In the present work, the effects and the underlying mechanisms of Ti substitution for Ga, Mn and Ni on ferromagnetism, phase stability, elastic properties and electronic structures in Ni2MnGa alloy were studied by first-principles calculations. Upon substitution for Ga or Mn, the Ti prefers to directly take the Ga or Mn sites. However, when Ti replaces Ni, the Ti likes to take the site of Mn atom that occupies the Ni site. When Ti replaces Ga, the magnetism is insensitive to the Ti content. On the contrary, when Ti replaces Mn and Ni, both the magnetization and Curie temperature of the alloy are greatly reduced, which are resulted from the reduced Mn content and the indirect occupation manner of Ti, respectively. For the lattice stability, Ti replacement for Ga or Mn (Ni) reduces or enhances the stability of austenite, respectively.
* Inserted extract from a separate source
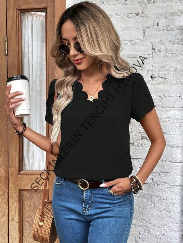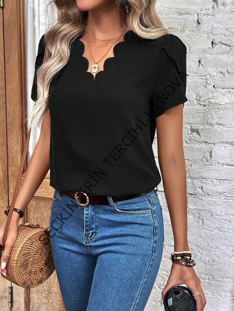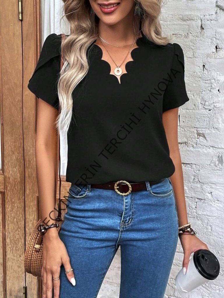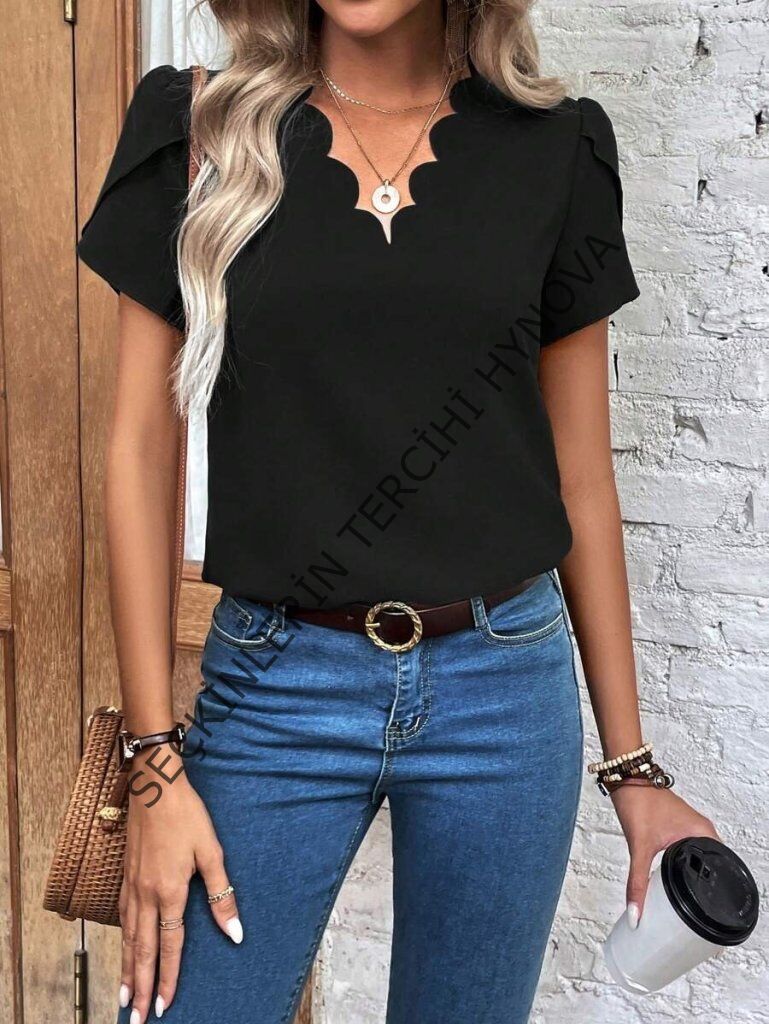 Kadın Kısa Kollu Lazer V Yakalı Ithal Krep Bluz

Additionally, Ti substitution for Ga could be an effective strategy to tailor c/a ratio of the martensite. As for the elastic properties, we find that Ti substitution for Ga can reduce the intrinsic brittleness of the alloy owing to the decreased p-d hybridization between Ni–Ga. By contrast, the Ti replacement for Ni is harmful to ductility, but can greatly enhance the intrinsic strength of the alloy owing to the coexistence of the p-d bonds between Ni–Ga and Mn–Ga, and the d-d bonds between Ni–Ti and Mn–Ti.